# ατιμούλης



## Apus apus

Hello,

I just got this message :

χαχαχα Λουντοβίκο, ευχαριστώ, είσαι ατιμούλης αλλά γλυκός ατιμούλης 

I'm desperately looking for the exact translation or description of ατιμούλης but I can't find it or the translation is sometimes a bit alarming.

Can somebody help help me out of here ?

Thanks !
Λουντοβίκος


----------



## shawnee

A diminutive of ατιμία - dishonesty. The suffix ούλης renders it a term of endearment specially in the given context - a bit like saying, 'you're a cheeky one'.


----------



## elineo

shawnee said:


> A diminutive of ατιμία - dishonesty. The suffix ούλης renders it a term of endearment specially in the given context - a bit like saying, 'you're a cheeky one'.



It isn´t at all offensive, means clever too


----------



## Apus apus

Ok, this was helpful ! Thanks Shawnee & Elineo !


----------



## ilias.perea

elineo said:


> It isn´t at all offensive, means clever too



Unless it is used ironically as is the case in the end of the very well known joke (at least in Greek): "Ατιμούλη! Είσαι και μαρτυριάρης, ε;"


----------



## Apus apus

Good to know.
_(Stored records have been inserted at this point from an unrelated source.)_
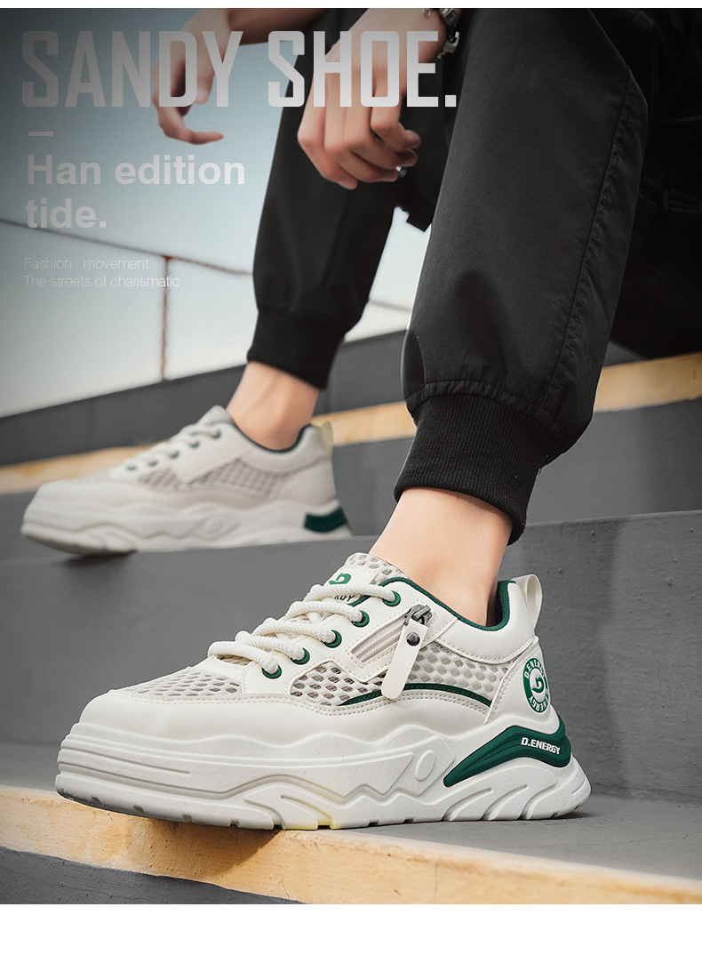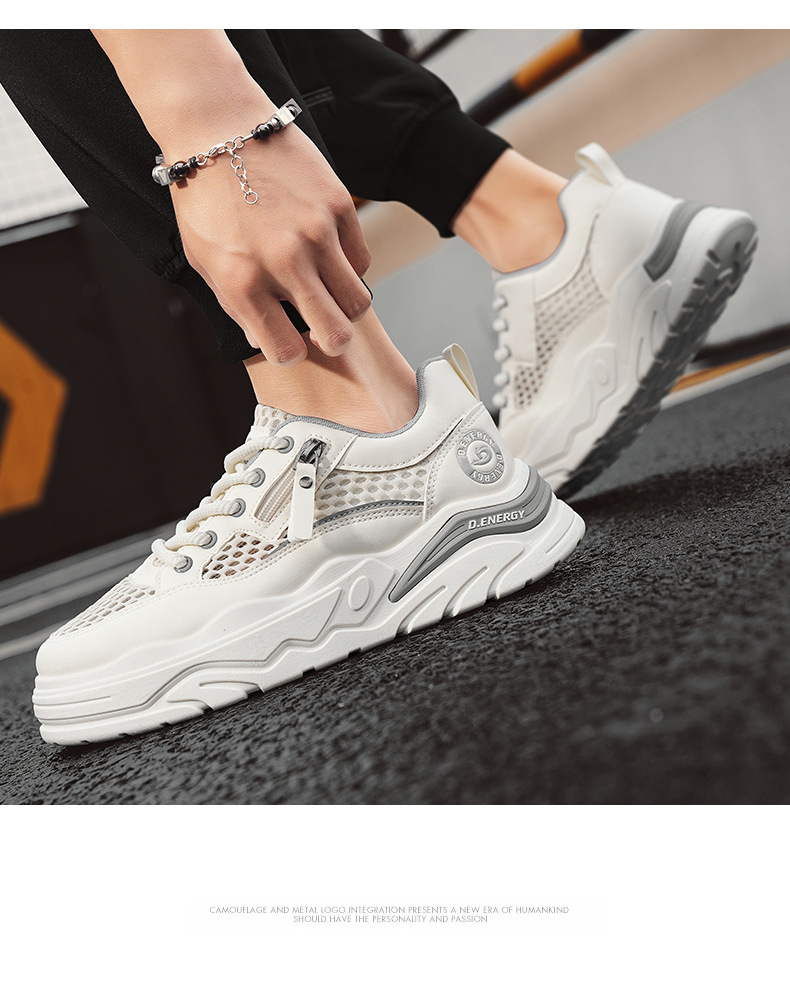 Zapatos de malla para hombre verano transpirables huecos diarios todo-fósforo casual suela gruesa a juego estilo deportivo nuevos zapatos de moda para hombre
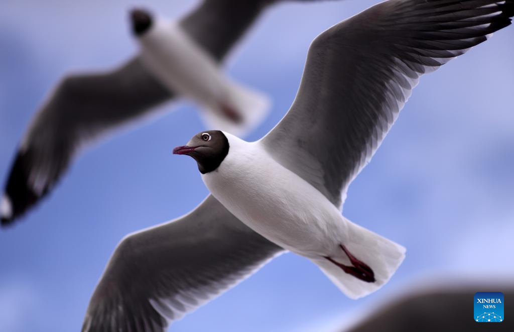 This photo taken on April 13, 2023 shows a brown-headed gull flying above the Qinghai Lake in northwest China's Qinghai Province. (Xinhua/Zhang Hongxiang)
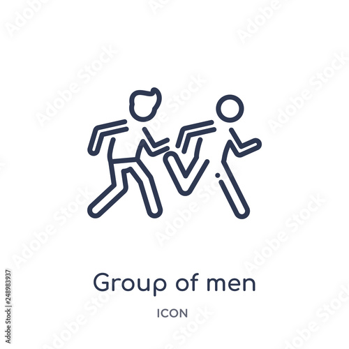 group of men running icon from people outline collection. Thin line group of men running icon isolated on white background.
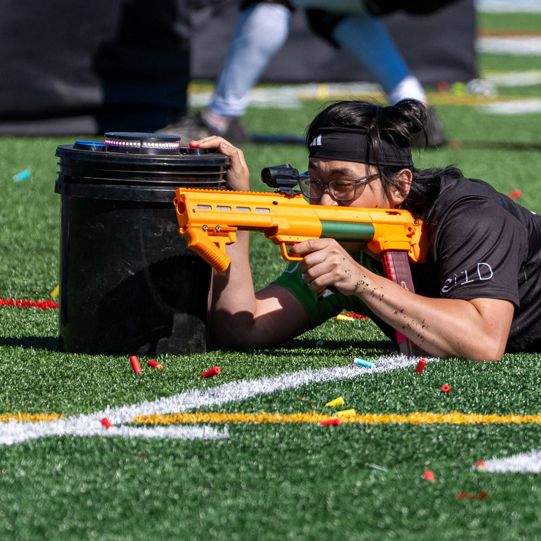 While all these game types involve tagging out a player with a blaster (they wouldn’t be blaster tag sports if they didn’t), merely tagging out every other opponent is not the only way to win; each format relies on an additional objective to keep players from turtling behind cover and running out the clock. Not only do these objectives make games more engaging and dynamic for hobbyists to play, but it also makes them much more fun to watch, and spectating is the best way for others to find out about this hobby and its competitive scene!

Thanks Ilias.Perea


----------



## Andrious

elineo said:


> It isn´t at all offensive, means clever too



Well, "ατιμούλης" (here and generally) sounds to me a very little bit offensive, because it's followed by "αλλά γλυκός", which means something good. But the whole sentence here is friendly.


----------



## Apus apus

Thank you very much Andrious ! It is a sentence of my Greek teacher Moscha, our class has a kind of a joke-relationship with her. She is really funny !

Apus


----------



## Αλέξανδρος

"You're a sweet little rascal", would be my loose translation.


----------



## Apus apus

Oh, ok thank you Αλεξανδρος !


----------